Diary of… a wrestler

Ahmed Elghawy is a second year medical student at NSU’s College of Osteopathic Medicine. He also started the wrestling club at NSU. He feels that, through wrestling, students can learn a sense of hard work and dedication and implement it into all aspects of their lives. 

A few days ago, someone asked me how the wrestling club at NSU was started. I was asked if I was willing to share my answer with this newspaper.  I said, “Sure, I’d love to,” thinking that the answer was fairly simple and straightforward. But the more I thought about it, I realized that I couldn’t really delve into this origin story without discussing my previous experiences with wrestling, what those experiences meant to me and how I’ve used them to shape the club into what it is today. So here goes nothing.

I come from a really small town outside of Philadelphia, where everyone pretty much knows everyone else by name and where people are very passionate about sports. Some of Pennsylvania’s biggest claims-to-fame are its outstanding high school and college wrestling programs. Pennsylvania eclipses Ohio and Iowa as possibly the best wrestling state in the country.

That being said, I was an average wrestler at best. I never won any big titles or headlined at any major tournaments. But, there were a few things that I shared with all my competitors across the state, including a sense of hard work and a never-give-up attitude, as well as passionate obligation to give back to the sport that had already given us so much. For this very reason, I decided to coach the sport while attending college full time and it became the reason why I decided that NSU needed a legitimate wrestling program.

I went around NSU’s campus asking people if there was a club or program where wrestlers could come to drill and work out, as well as a place for newcomers to learn the basics. At first, I found little success. But after months of looking, I discovered NSU’s mixed martial arts club, known as MMA Club. My excitement was palpable, until I saw that the club was highly disorganized, had no recognition from students and provided little-to-no guidance for new members from the executive board.

I knew that I had to become involved in the club. I used my experiences as a high school wrestling coach to add an element of structure to the practices through instruction and conditioning. As MMA’s unofficial teacher, I made it my mission to increase the club’s membership, through advertising it as a place where former wrestlers could rekindle their love of the sport and where newcomers would be welcomed.

Although this new mission was successful to a certain extent, I felt that I could do so much more as a member of the executive board.
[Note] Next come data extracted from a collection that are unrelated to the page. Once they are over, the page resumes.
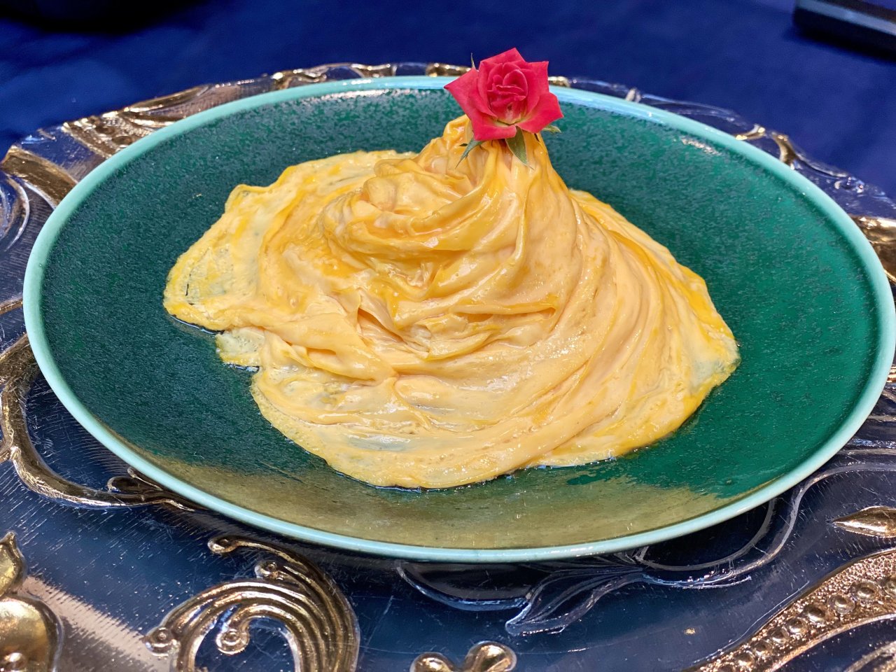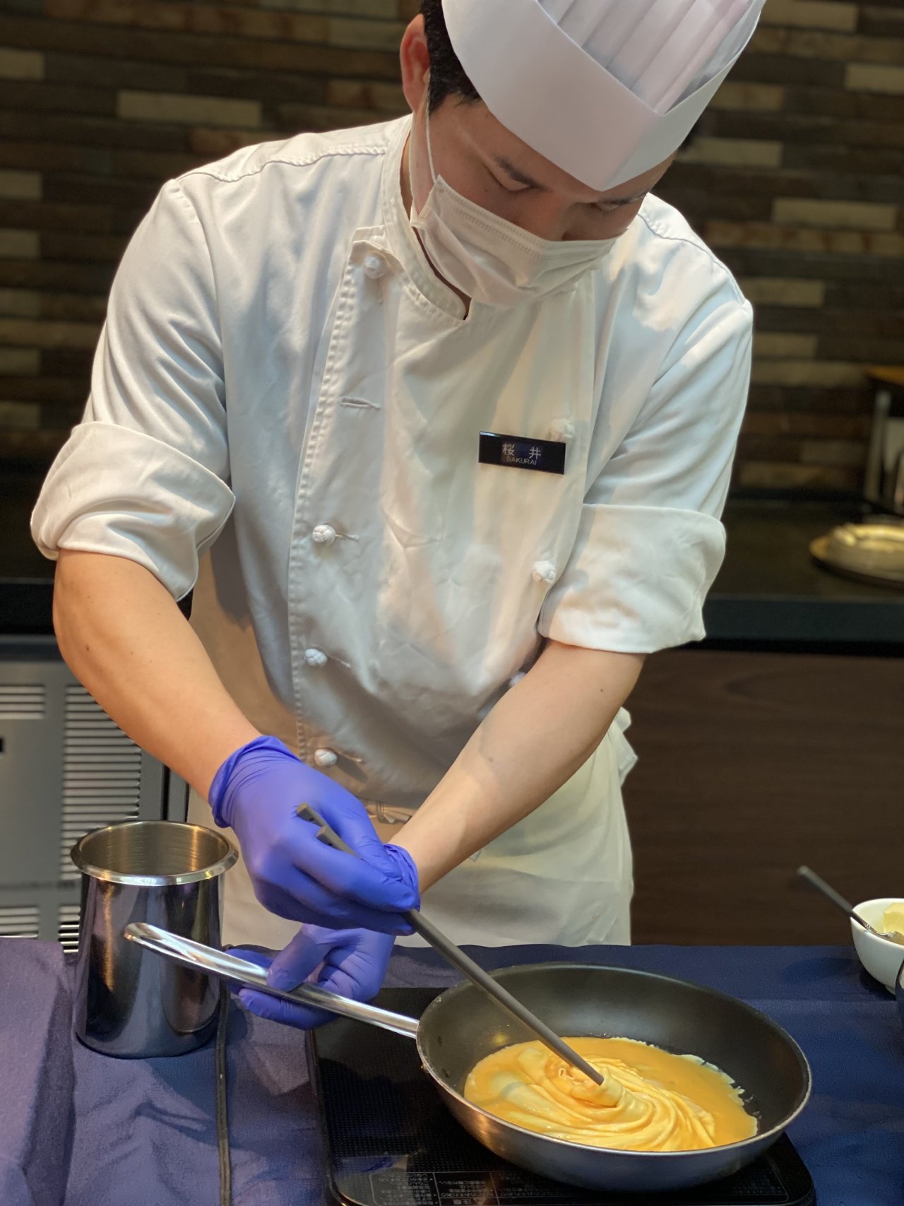 朝食で人気のシグネチャーメニュー「ドレス・ド・オムレツ」の実演。ふわとろのオムレツにバラを添えてドレスアップ!
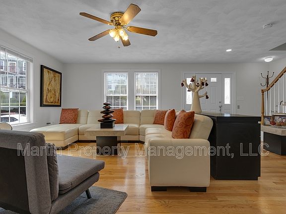 December 1 -This sun-filled, 4-level townhouse offers the perfect combination of comfort and convenience in Brighton, right near the Newton line. With easy access to the Mass Pike, bus lines, and restaurants and shops of Oak Square, this rental property is ideal for those seeking both a peaceful retreat and city accessibility. The first floor features a spacious living room with a cozy gas fireplace and a half bath. The dining area is adorned with elegant chair rails, wainscoting, and glass sliders that lead out to a private deck. The kitchen is equipped with granite countertops, a tiled backsplash, and stylish white shaker cabinets. Upstairs, you'll find two well-sized bedrooms and a full bath. The top floor boasts a private master suite. Additionally, the finished basement is complete with laundry facilities, garage access, and a walk-out option. This home also features central air, gleaming hardwood floors, and ample closet space. HVAC system updated in 2019, 3 parking spaces.
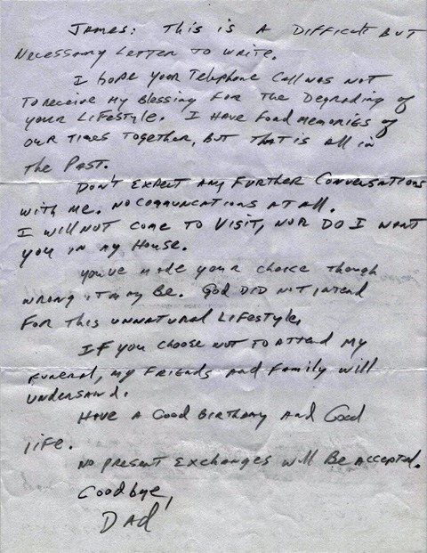 In August of 2007, I finally built up the courage to tell my father I was gay. The moment I said it, the phone got quiet and he got off the phone after a few "Okay"s. I decided to give him time to process the news. About a week later, and not long before my birthday, I received the following letter: "James: This is a difficult but necessary letter to write. I hope your telephone call was not to receive my blessing for the degrading of your lifestyle. I have fond memories of our times together, but that is all in the past. Don't expect any further conversations With me. No communications at all. I will not come to visit, nor do I want you in my house. You've made your choice though Wrong it may be. God did not intend for this unnatural lifestyle. If you choose not to attend my funeral, my friends and family will understand. Have a good birthday and good life. No present exchanges will be accepted. Goodbye, Dad." ... 5 years on and I am still doing fine, though this letter saunters into my mind every once in a while. When it does, I say without hesitation: F**k you, Dad.
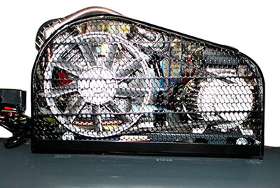 Компрессор оснащен однофазным электродвигателем мощностью 2200 Вт (3 л.с.), работающим от сети 230 В с частотой 50 Гц. Медная обмотка двигателя, активное принудительное охлаждение и увеличенные ребра теплообменника на поршнях обеспечивают стабильную работу даже при высоких нагрузках.

After being elected president of MMA, I changed its name to the Nova Wrestling Club, rewrote our constitution to include NSU alumni — who are often interested in returning to a sport that they had not visited since their high school days, and added a Brazilian jiu jistu component, which is currently led by Alain Chamoun, a purple belt in jiu jistu.
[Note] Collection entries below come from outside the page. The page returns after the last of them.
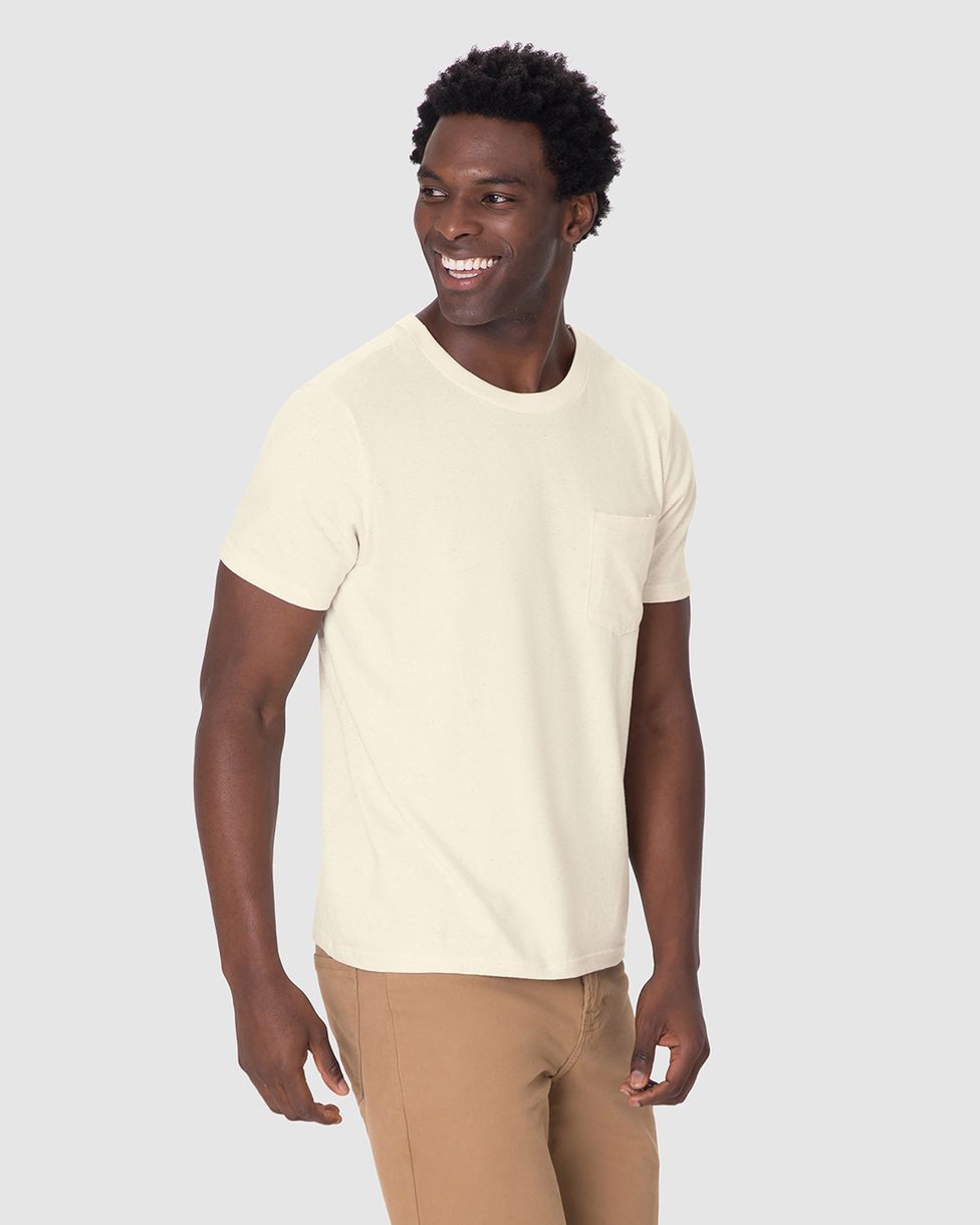 Camiseta Básica Masculina Detalhe Bolso Frontal Em Malha Linho
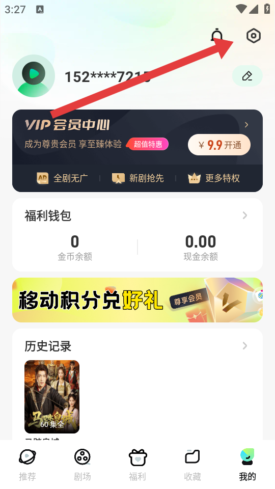 1、在星芽短劇我的頁面,點(diǎn)擊右上角的設(shè)置圖標(biāo),進(jìn)入設(shè)置的界面。
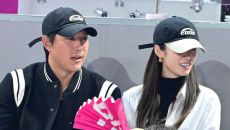 황재균♥지연, 신혼부부의 달달 배구장 데이트..커플 모자까지 [Oh!쎈 이슈]

I also ordered new cleaning supplies for our wrestling mats to prevent possible skin infections, created flyers and t-shirts to increase awareness of the club around campus and helped raise over $250 toward the 2020 Legacy Scholarship.  My clubmates and I even filmed a highlight video demonstrating the instructional, technical qualities involved in wrestling and Brazilian jiu jitsu. Most importantly, we’ve made sure to instill a sense of hard work and discipline in our members through the rigor of our practices.
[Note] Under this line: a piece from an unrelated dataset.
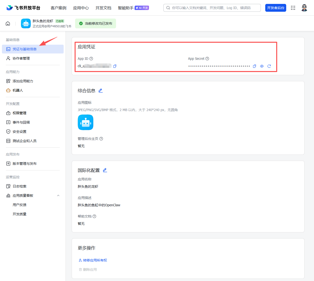 获取应用凭证(App ID & App Secret,需要保密防止泄露):
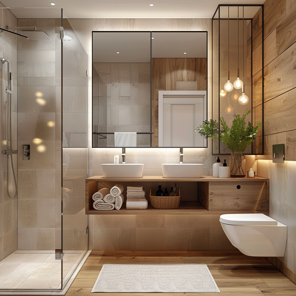 Wood instantly warms up bathrooms with its rich grains and varied tones.

From day one, it has been my hope that the work ethic being taught at NSU’s wrestling program would influence our members — not just on the mats, but also in their classrooms, workplaces and homes. What we teach here, in addition to technique and conditioning, is how to become a responsible young adult who contributes back to the community.

We teach our members how to win with humility and lose with dignity, to actively seek improvement on a daily basis, and to understand that temporary setbacks are constructive and that any goal can be achieved with enough hard work. This is what our club is all about.

Looking back on this year, I would say that this club has accomplished everything I hoped it would.  But that does not mean we could not improve; there is always room for that.